Dzieci planowały ośrodek, ale Alina postawiła się okoniem
Moje dzieci się przejęły, ale wyraźnie nie były gotowe na to, żeby wziąć na siebie pełną opiekę nade mną. Starszy syn i córka zaczęli szukać dla mnie ośrodka – czegoś na poziomie, gdzie miałabym dobrą opiekę i rehabilitację. Młodszy syn był rozdarty, bo nie chciał mnie zostawić, ale miał pracę, małe mieszkanie i, wiadomo, żonę, której zdanie też musiał brać oczywiście pod uwagę. Nie mam pretensji do dzieci - z perspektywy czasu wiem, że opieka nad starsza osobą po udarze to nie hop siup, to ciężka codzienna robota wymagająca wiedzy.
Wtedy właśnie Alina powiedziała:
Nie ma mowy, żeby mama poszła do ośrodka.
Stwierdziła, że razem ze swoim mężem przeprowadzą się do mnie i że ona - ze wsparciem pielęgniarki domowej - weźmie na siebie opiekę. Powiedziała, że to jej obowiązek i że poradzi sobie z tym wszystkim. Byłam w szoku. Zawsze myślałam, że to raczej beztroska dziewczyna, a tu nagle taka dojrzała decyzja.

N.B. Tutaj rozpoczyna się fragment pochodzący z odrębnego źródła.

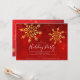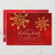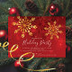 Modern elegance holiday party featuring a red background with gold snowflakes.
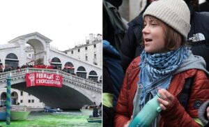 Greta Thunberg colore o Grande Canal de Veneza em protesto climático
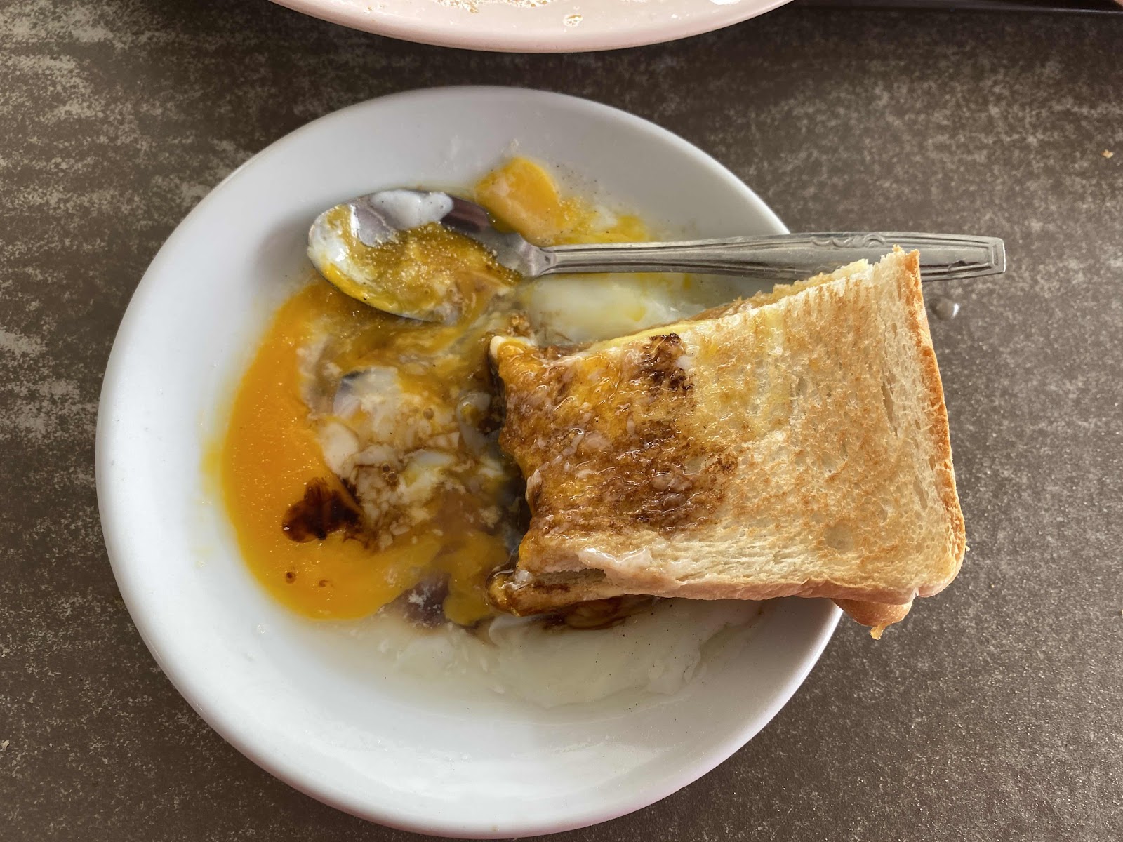Relembrando: pão tostado com manteiga e geléia de ovo com côco, molhado em ovo cozido mole com shoyo e pimenta branca (sem sal).

Nie każda synowa by się tak poświęciła. Ty to naprawdę masz szczęście, że na nią trafiłaś
– powiedziała moja przyjaciółka, gdy opowiedziałam jej przez telefon o planach Aliny. I miała rację, bo Alina rzeczywiście wzięła na siebie coś, co mało kto by udźwignął.
canva.com
Synowa została moim aniołem stróżem
Alina dotrzymała słowa. Przeprowadzili się do mojego domu i zajęła się mną, jakbym była jej własną matką. Woziła mnie na rehabilitację, ćwiczyła ze mną w domu, razem z moim synem przystosowała wszystko tak, żebym mogła poruszać się na wózku. Przez pierwsze lata zrezygnowała z pracy i nawet plany macierzyńskie odłożyła na bok. Dopiero po trzech latach wróciła do pracy zdalnej, a na dziecko zdecydowali się cztery lata później. Do tej pory czuję w sercu ból, że to ja byłam przyczyną tych wszystkich decyzji.
Bez Aliny twoje życie wyglądałoby zupełnie inaczej. Nasze życie wyglądałoby inaczej. Ona naprawdę zmieniła wszystko
– powiedział mi kiedyś starszy syn. Byłam wzruszona, bo zrozumiałam, że cała rodzina docenia to, co moja synowa, w gruncie rzeczy przecież obca osoba, nie krew z mojej krwi, dla mnie zrobiła.
Dziś nadal poruszam się głównie na wózku, ale dzięki Alince nie jestem sama. Doczekałam się wnuków i mogę być częścią ich życia. Nie mogę ich bawić tak, jak sobie to kiedyś wyobrażałam, ale jestem blisko i widzę, jak dorastają. Nie wyobrażam sobie życia w ośrodku, gdzie czułabym się tylko kolejną pacjentką.
Masz szczęście, że masz taką synową. To prawdziwy skarb, bo nie każdemu się tak udaje
– mówi mi często sąsiadka. Wiem, że to prawda. Dzięki Alinie mam dom pełen życia, a nie sterylną salę w ośrodku. Będę jej wdzięczna za to do końca życia.